A commutative algebra on degenerate CP^1 and Macdonald polynomials

TL;DR

This paper introduces a new commutative algebra related to degenerate CP^1, explores its connection to Macdonald polynomials, and discusses its deformation and links to elliptic and Ruijsenaars operators.

Contribution

It constructs a novel commutative algebra as a degeneration of elliptic algebra and connects it to Macdonald difference operators and Ding-Iohara algebra frameworks.

Findings

A new algebra A over degenerate CP^1 is shown to be commutative.

The algebra's Poincaré series counts partitions.

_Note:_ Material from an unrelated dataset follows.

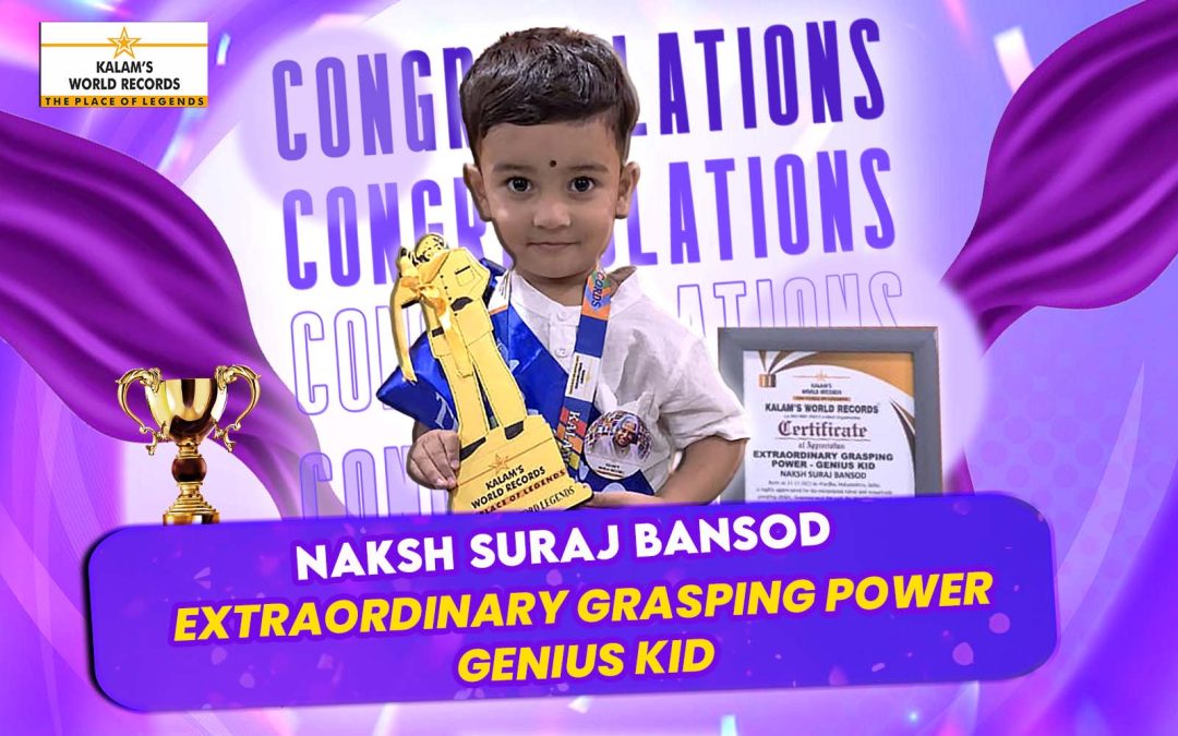 Born on 11-12-2023 in Wardha, Maharashtra ,India, is Highly Appreciated for His Exceptional Talent and Remarkable Grasping Ability, Demonstrated Through the Identification and Recitation of the Following Wild Animals – 22 Fruits – 27 Vegetables – 25 Body Parts – 20 Shape & Colour -20 Numbers – 20 Birds – 20 Baby Objects – 25 Baby Animals – 22 Actions – 36 Food – 18 Flowers – 20 Vehicles – 30 Opposites- 22 Things at Home – 40 Sea Animals – 15 Rhymes -10 Alphabet – 26 Kichen Utensils -19 Good Manners -20 Good Habits -22 Helpers/ People at Work-18 Farm Animals & Pets -21. We Appreciate His Outstanding Talent, Honour Him on Stage, Wishing Him Continued Success. This Achievement Was Accomplished on 30-03-2026 and Has Been Officially Recognized and Registered by Kalam’s World Records.

Connections to elliptic deformation and Ruijsenaars operators are established.

Abstract

We introduce a unital associative algebra A over degenerate CP^1. We show that A is a commutative algebra and whose Poincar'e series is given by the number of partitions. Thereby we can regard A as a smooth degeneration limit of the elliptic algebra introduced by one of the authors and Odesskii. Then we study the commutative family of the Macdonald difference operators acting on the space of symmetric functions. A canonical basis is proposed for this family by using A and the Heisenberg representation of the commutative family studied by one of the authors. It is found that the Ding-Iohara algebra provides us with an algebraic framework for the free filed construction. An elliptic deformation of our construction is discussed, showing connections with the Drinfeld quasi-Hopf twisting a la Babelon Bernard Billey, the Ruijsenaars difference operator and the operator M(q,t_1,t_2) of Okounkov-Pandharipande.